WHAT TO PRODUCE
In the material below, pictures must be dropped. Repeat exactly, and only, the lines from the line with "Устранение размытых областей" to the line with "整體來看,徐工道路一家獨大,領(lǐng", both ends included.

SOURCE RECORDS
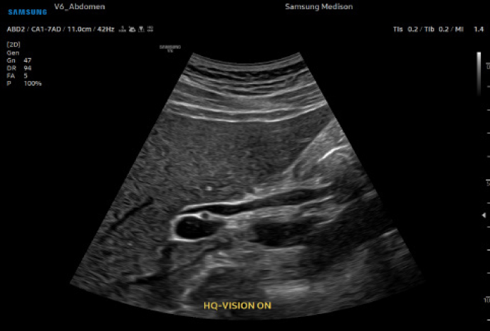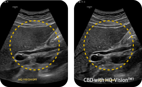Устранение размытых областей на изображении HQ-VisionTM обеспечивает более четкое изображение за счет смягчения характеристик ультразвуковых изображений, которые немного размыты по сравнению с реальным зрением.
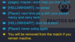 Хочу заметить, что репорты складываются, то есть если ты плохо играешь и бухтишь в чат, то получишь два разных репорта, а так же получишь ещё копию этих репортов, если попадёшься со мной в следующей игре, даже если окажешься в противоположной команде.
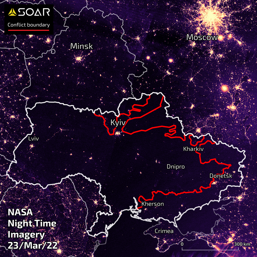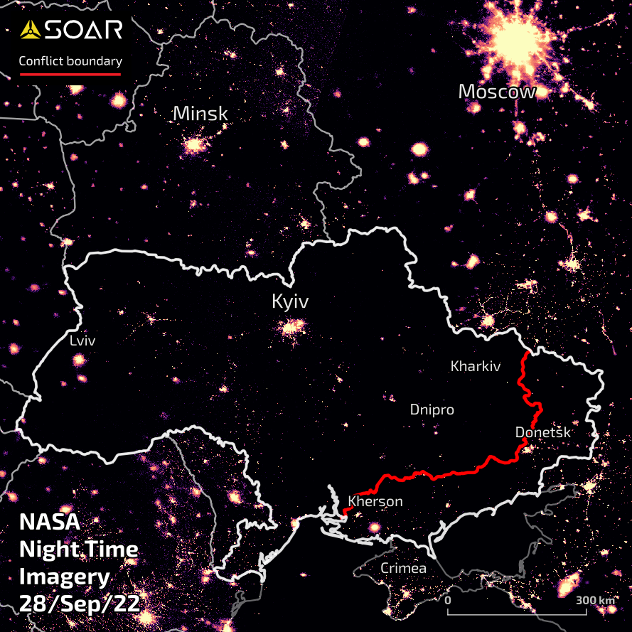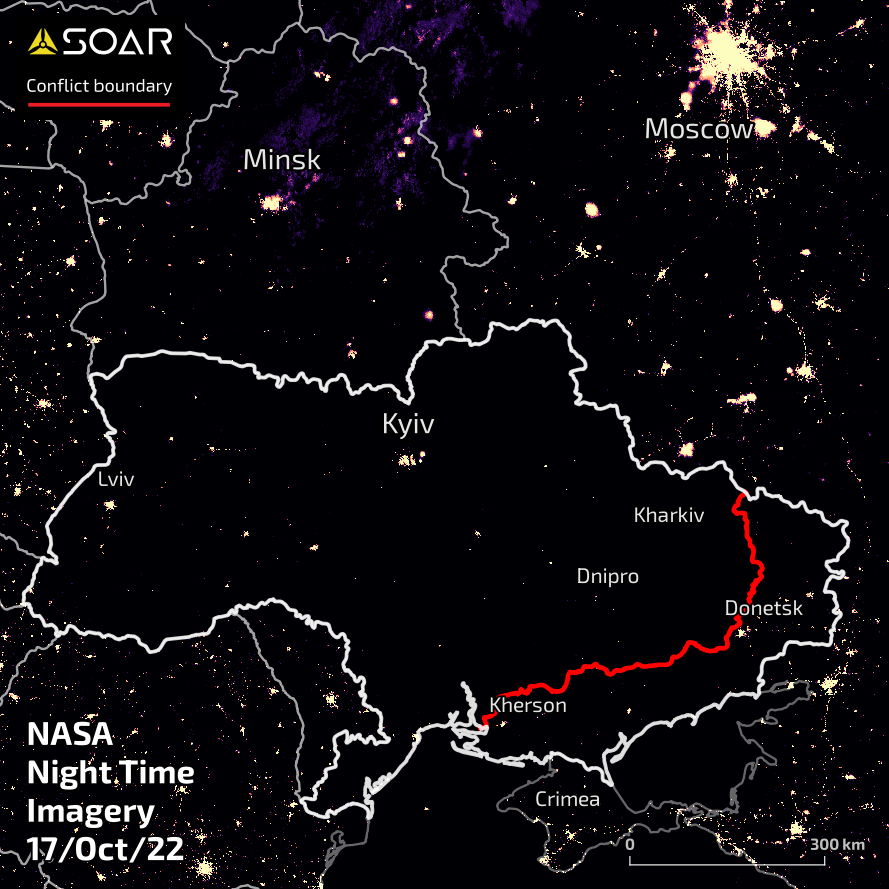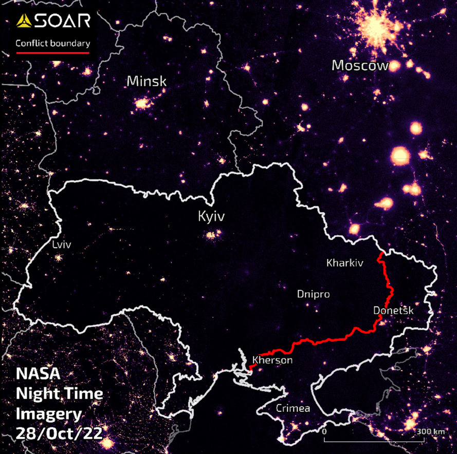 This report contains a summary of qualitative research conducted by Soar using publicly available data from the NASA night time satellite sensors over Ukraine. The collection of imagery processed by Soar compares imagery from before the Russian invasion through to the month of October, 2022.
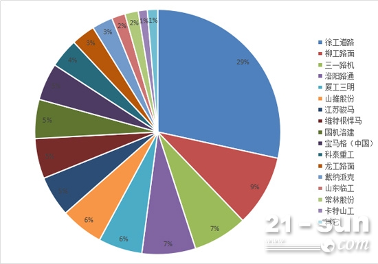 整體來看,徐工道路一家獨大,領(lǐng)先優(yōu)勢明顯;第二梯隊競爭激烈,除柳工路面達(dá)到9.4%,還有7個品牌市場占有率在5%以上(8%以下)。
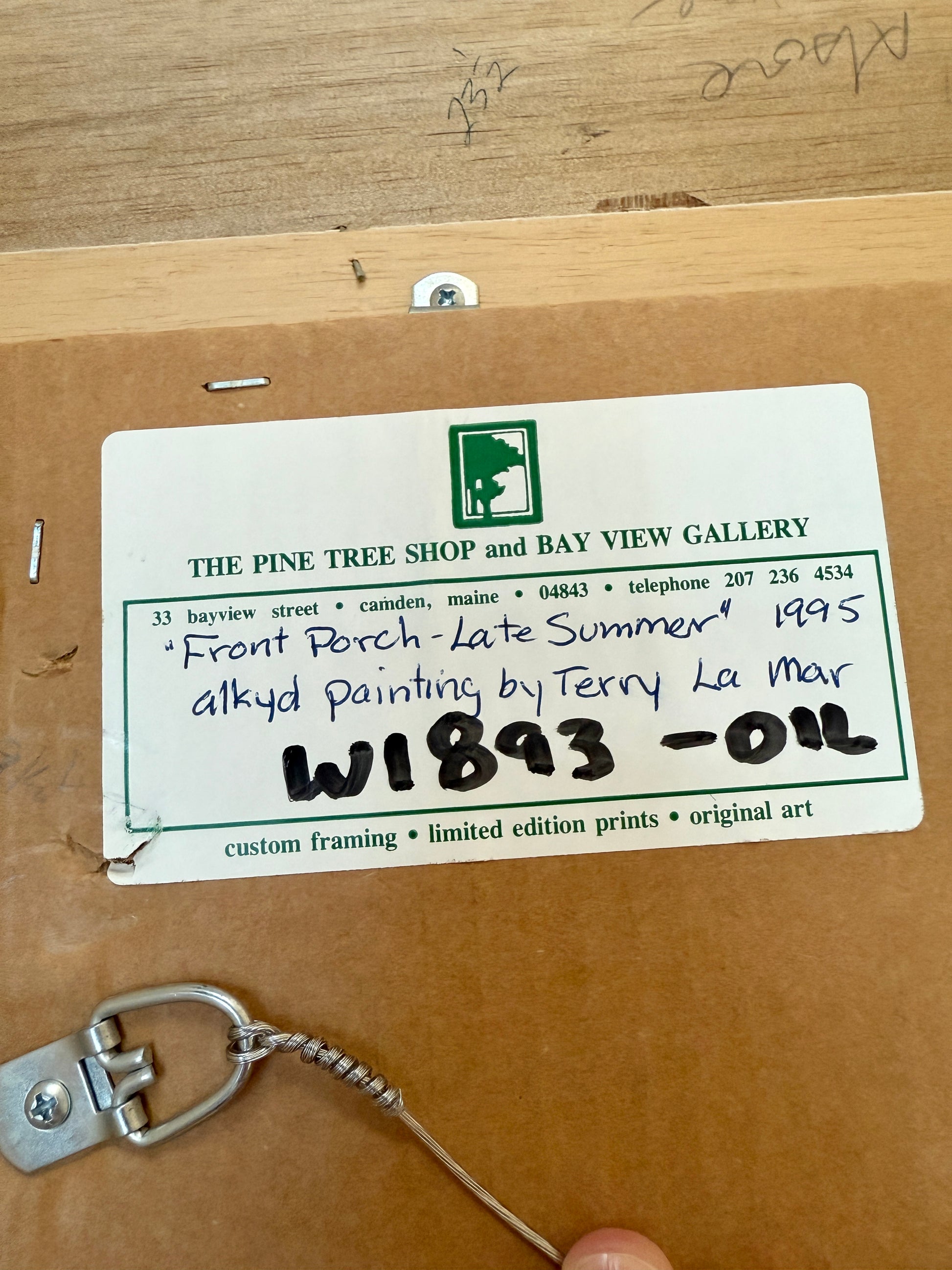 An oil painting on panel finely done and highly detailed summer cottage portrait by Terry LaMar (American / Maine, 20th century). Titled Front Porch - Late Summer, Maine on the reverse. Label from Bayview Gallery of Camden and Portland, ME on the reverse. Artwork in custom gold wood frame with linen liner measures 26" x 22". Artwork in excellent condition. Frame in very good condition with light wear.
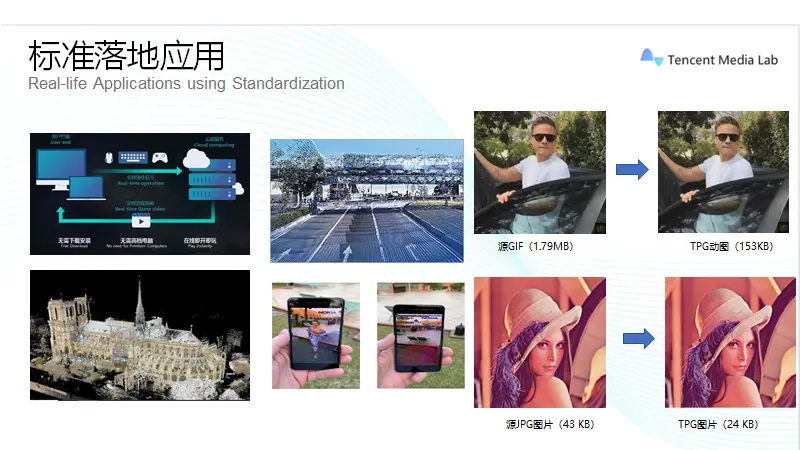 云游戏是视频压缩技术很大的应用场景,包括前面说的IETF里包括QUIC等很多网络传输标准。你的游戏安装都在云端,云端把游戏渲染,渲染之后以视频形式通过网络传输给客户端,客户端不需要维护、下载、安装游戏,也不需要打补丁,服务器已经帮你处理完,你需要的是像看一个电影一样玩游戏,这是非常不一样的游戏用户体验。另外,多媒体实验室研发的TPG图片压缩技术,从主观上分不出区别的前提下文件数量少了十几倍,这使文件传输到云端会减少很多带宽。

==

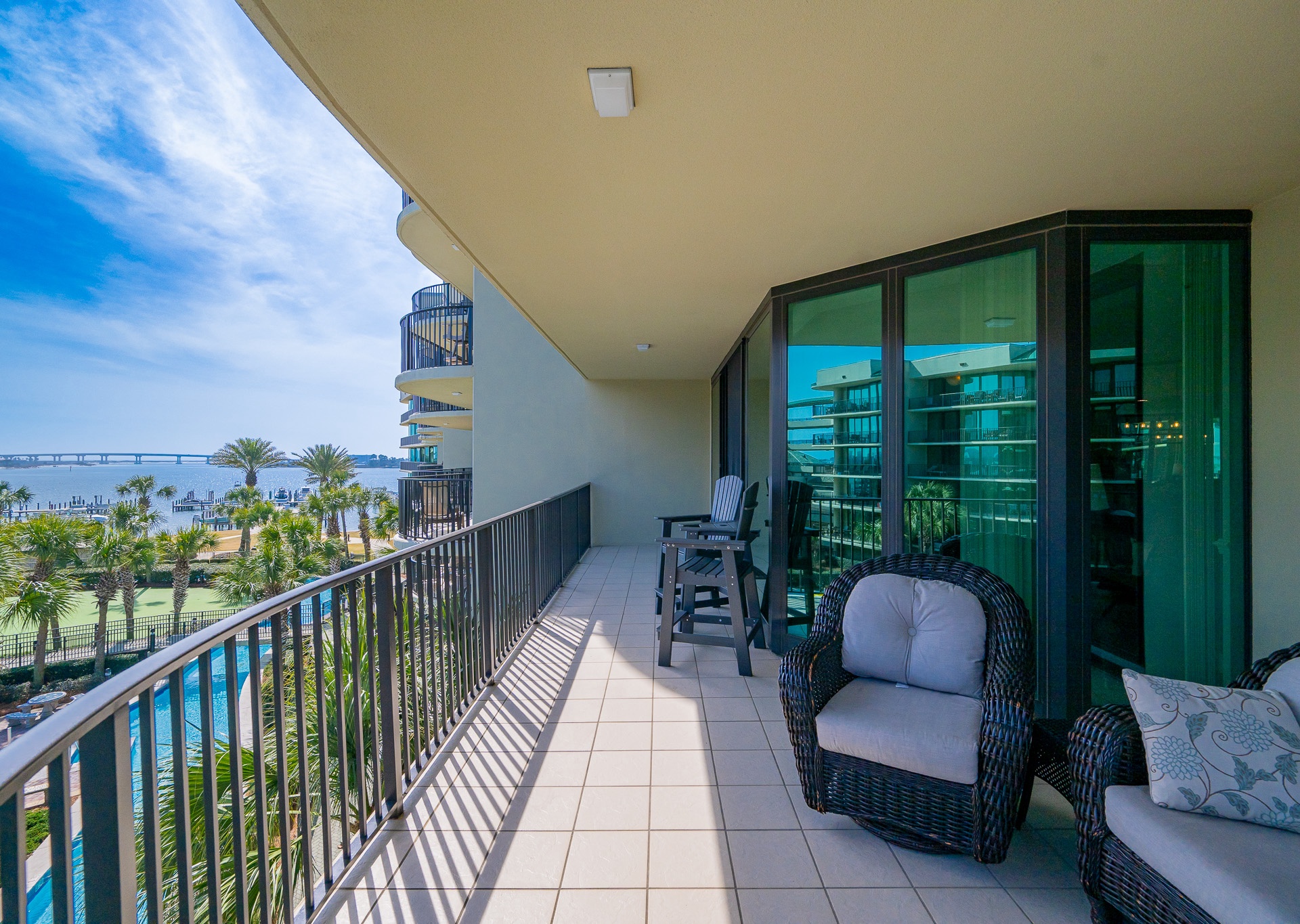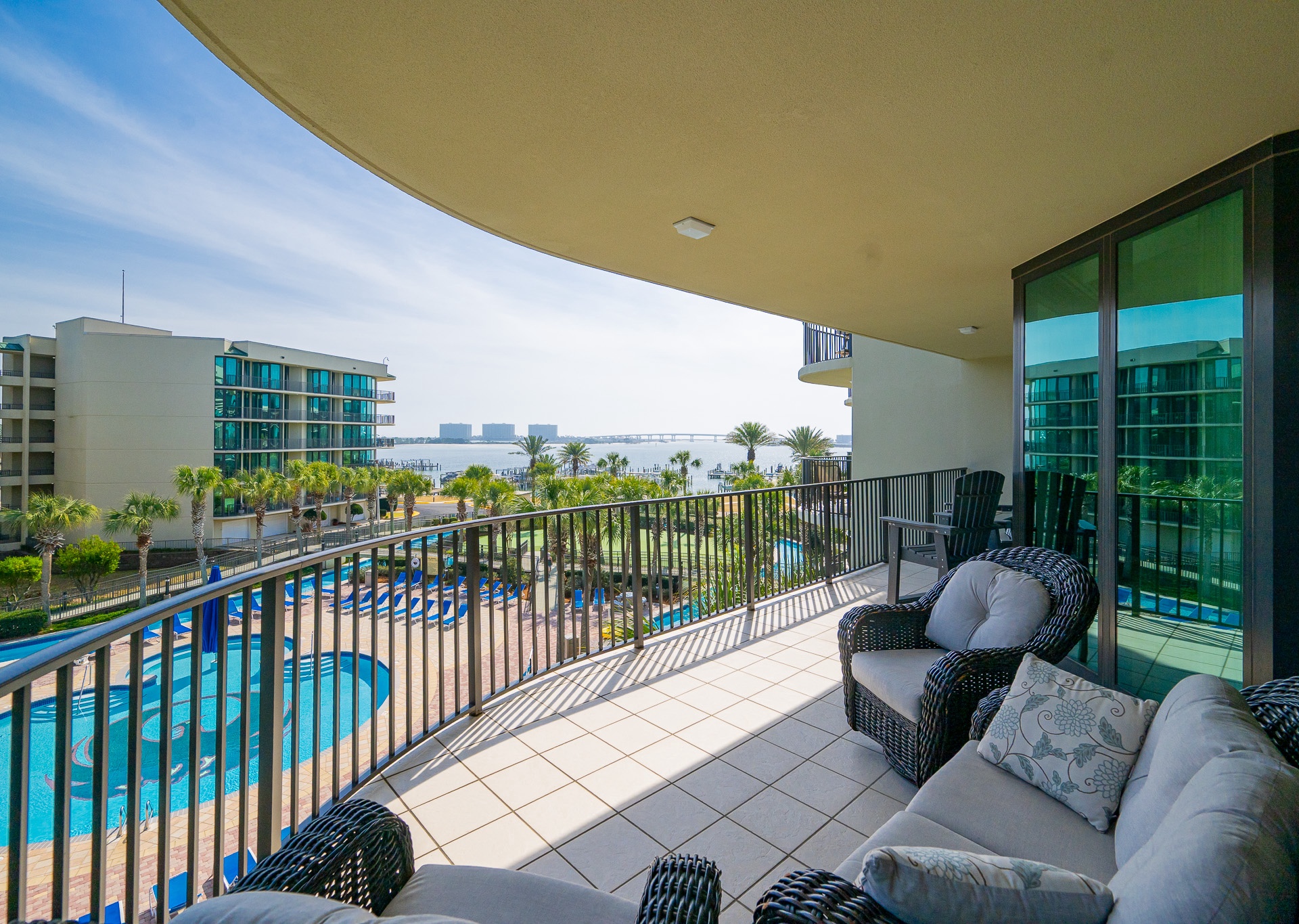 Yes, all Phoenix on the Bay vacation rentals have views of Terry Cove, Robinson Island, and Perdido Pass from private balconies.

WORKED SOLUTION
Устранение размытых областей на изображении HQ-VisionTM обеспечивает более четкое изображение за счет смягчения характеристик ультразвуковых изображений, которые немного размыты по сравнению с реальным зрением.
 Хочу заметить, что репорты складываются, то есть если ты плохо играешь и бухтишь в чат, то получишь два разных репорта, а так же получишь ещё копию этих репортов, если попадёшься со мной в следующей игре, даже если окажешься в противоположной команде.
 This report contains a summary of qualitative research conducted by Soar using publicly available data from the NASA night time satellite sensors over Ukraine. The collection of imagery processed by Soar compares imagery from before the Russian invasion through to the month of October, 2022.
 整體來看,徐工道路一家獨大,領(lǐng)先優(yōu)勢明顯;第二梯隊競爭激烈,除柳工路面達(dá)到9.4%,還有7個品牌市場占有率在5%以上(8%以下)。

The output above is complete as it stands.